Many technical magazines have tests of a range of different similar products like in the IT world comparing a range of CPU’s or a selection of word processors. The tests are comparing measurable things as speed, ability to actually perform a certain task and an important thing as the price.
With enterprise software as data quality tools we only have analyst reports evaluating the tools on far less measurable factors often given a result very equivalent to stating the market strength. The analysts haven’t compared the actual speed; they have not tested the ability to do a certain task nor taken the price into consideration.
A core feature in most data quality tools is data matching. This is the discipline where data quality tools are able to do something considerable better than if you use more common technology as database managers and spreadsheets, like told in the post about deduplicating with a spreadsheet.
In the LinkedIn data matching group we have on several occasions touched the subject of doing a once and for all benchmark of all data quality tools in the world.
My guess is that this is not going to happen. So, if you want to evaluate data quality tools and data matching is the prominent issue and you don’t just want a beauty contest, then you have to do as the queen in the fairy tale about The Princess and the Pea: Make a test.
Some important differentiators in data matching effectiveness may narrow down the scope for your particular requirements like:
- Are you doing B2C (private names and addresses), B2B (business names and addresses) or both?
- Do you only have domestic data or do you have international data with diversity issues?
- Will you only go for one entity type (like customer or product) or are you going for multi-entity matching?
Making a proper test is not trivial.
Often you start with looking at the positive matches provided by the tool by counting the true positives compared to the false positives. Depending on the purposes you want to see a very low figure for false positives against true positives.
Harder, but at least as important, is looking at the negatives (the not matched ones) as explained in the post 3 out of 10.
Next two features are essential:
- In what degree are you able to tune the match rules preferable in a user friendly way not requiring too much IT expert involvement?

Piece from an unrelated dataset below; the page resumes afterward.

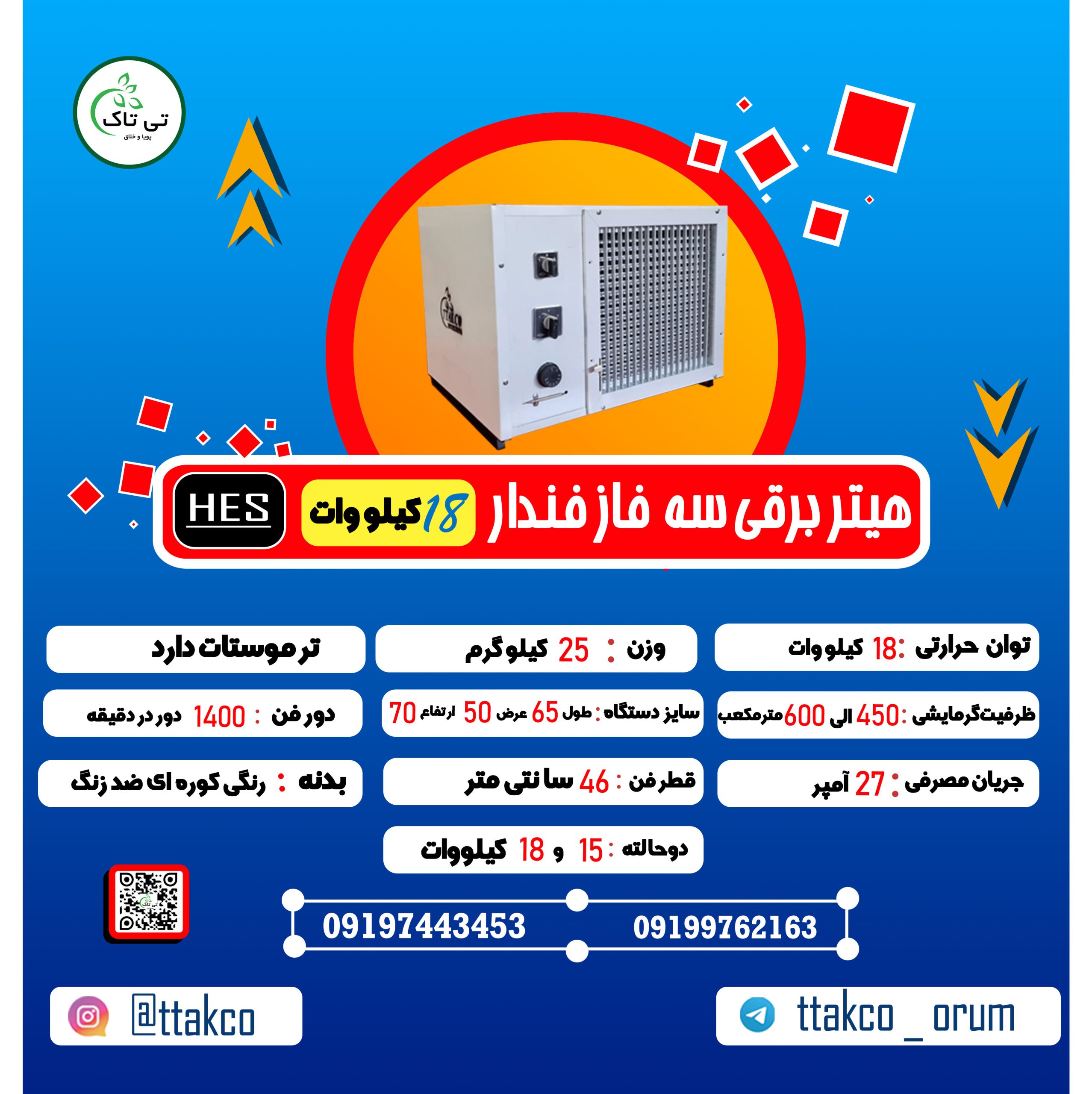 مشخصات فنی هیتر برقی ایستاده 18 کیلووات
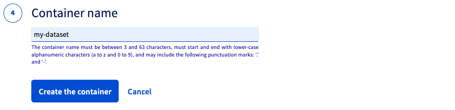 If you choose an S3* compatible Object Storage solution, please note that they are not yet compatible with our AI products from the Control Panel (UI). To use S3 compatible buckets, you will need to use ovhai. The Control Panel allows you to use Swift containers only.

- Are you able to evaluate dubious matches in a speedy and user friendly way as shown in the post called When computer says maybe?
A data matching effort often has two phases:
- An initial match with all current stored data maybe supported by matching with external reference data. Here speed may be important too. Often you have to balance high speed with poor results. Try it.
- Ongoing matching assisting in data entry and keeping up with data coming from outside your jurisdiction. Here using data quality tools acting as service oriented architecture components is a great plus including reusing the rules from the initial match. Has to be tested too.
And oh yes, from my experience with plenty of data quality tool evaluation processes: Price is an issue too. Make sure to count both license costs for all the needed features and consultancy needed experienced from your tests.